WORK TO BE COMPLETED: Repeat only these lines, exactly: the first line of the data, the line containing "日々の献立とあわせて、月間の献立も掲示しています。", and every line between them. Pictures stay out.

INPUT MATERIAL:
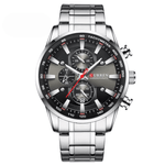 El Curren 8351 combina elegancia y resistencia en un diseño versátil que se adapta a cualquier ocasión. Su caja y correa de acero inoxidable en acabado plateado resaltan con un tablero negro que aporta un contraste moderno y sofisticado. Incorpora función cronógrafo y bisel con taquímetro, ideal para quienes buscan precisión y estilo en un solo accesorio.
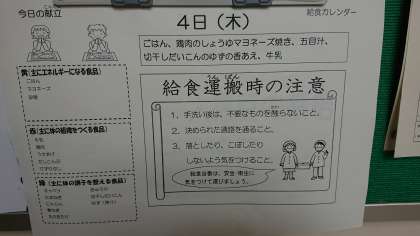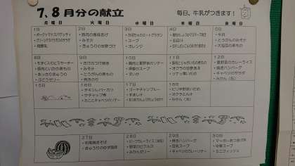 日々の献立とあわせて、月間の献立も掲示しています。
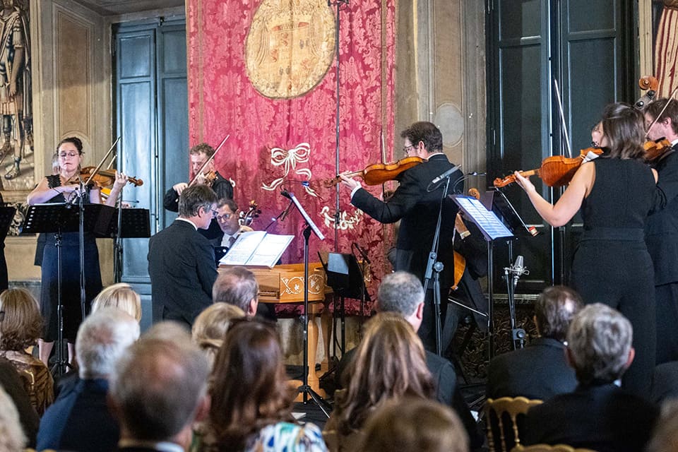 Ante los 120 espectadores que han llenado el salón, la formación residente de la edición de Pascua del Festival Perelada ha interpretado un recorrido musical por la forma del concerto grosso, género nacido en Roma que encarna el diálogo constante entre solistas y orquesta y las pasiones propias del barroco.
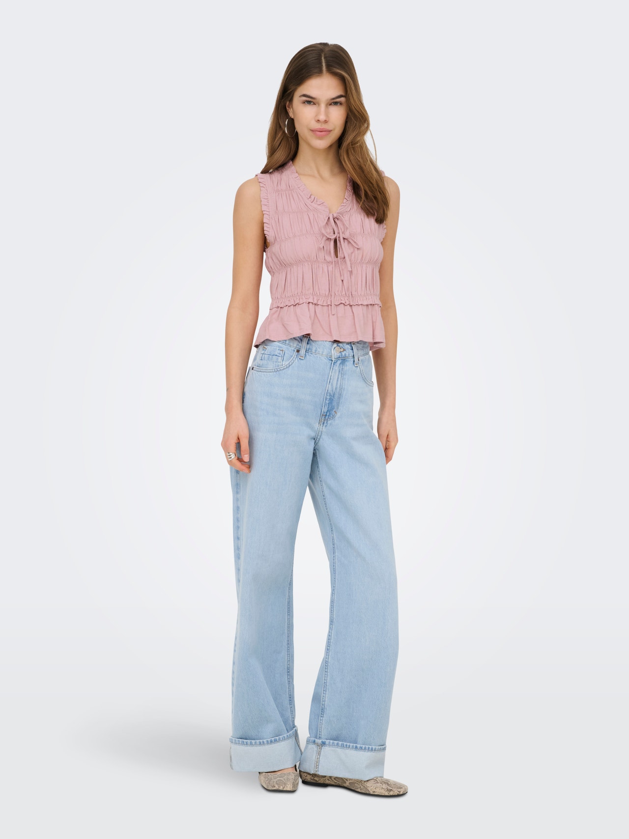 Pakeiskite savo kasdienę aprangą akimirksniu, pridėdami moterišką viršutinę dalį, kad išraiška būtų švelni ir švari.
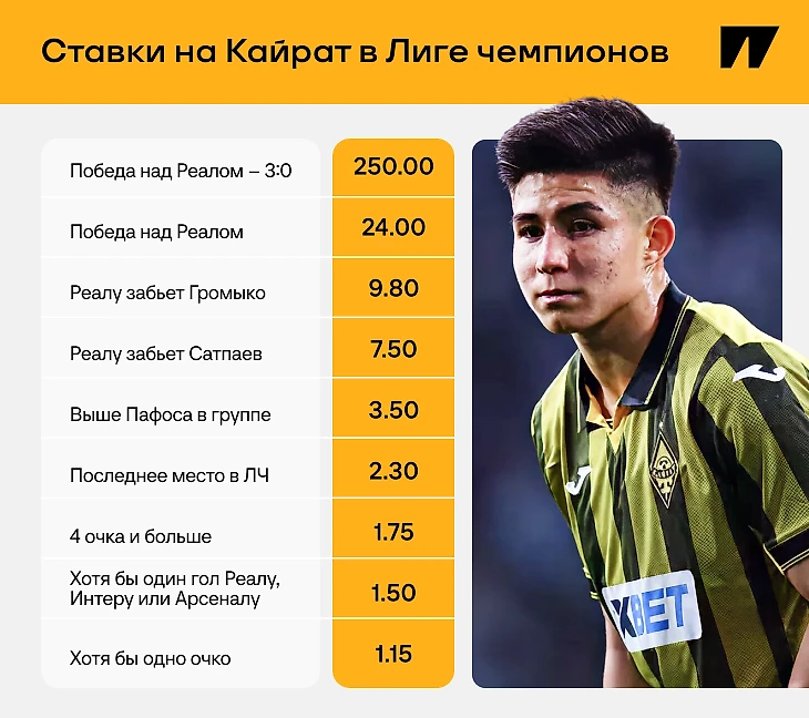 Зато для «Кайрата» уже выкатили специальную линию на потенциальных авторов голов в ворота «Реала». Логичный фаворит – Дастан Сатпаев. Коэффициент на один мяч лидера – 7.50. Самая надежная ставка по вероятности – против Валерия Громыко. Если экс-игрок тульского «Арсенала» не пробьет Тибо Куртуа – пройдет коэффициент 1.02.

WRITTEN RESPONSE:
 El Curren 8351 combina elegancia y resistencia en un diseño versátil que se adapta a cualquier ocasión. Su caja y correa de acero inoxidable en acabado plateado resaltan con un tablero negro que aporta un contraste moderno y sofisticado. Incorpora función cronógrafo y bisel con taquímetro, ideal para quienes buscan precisión y estilo en un solo accesorio.
 日々の献立とあわせて、月間の献立も掲示しています。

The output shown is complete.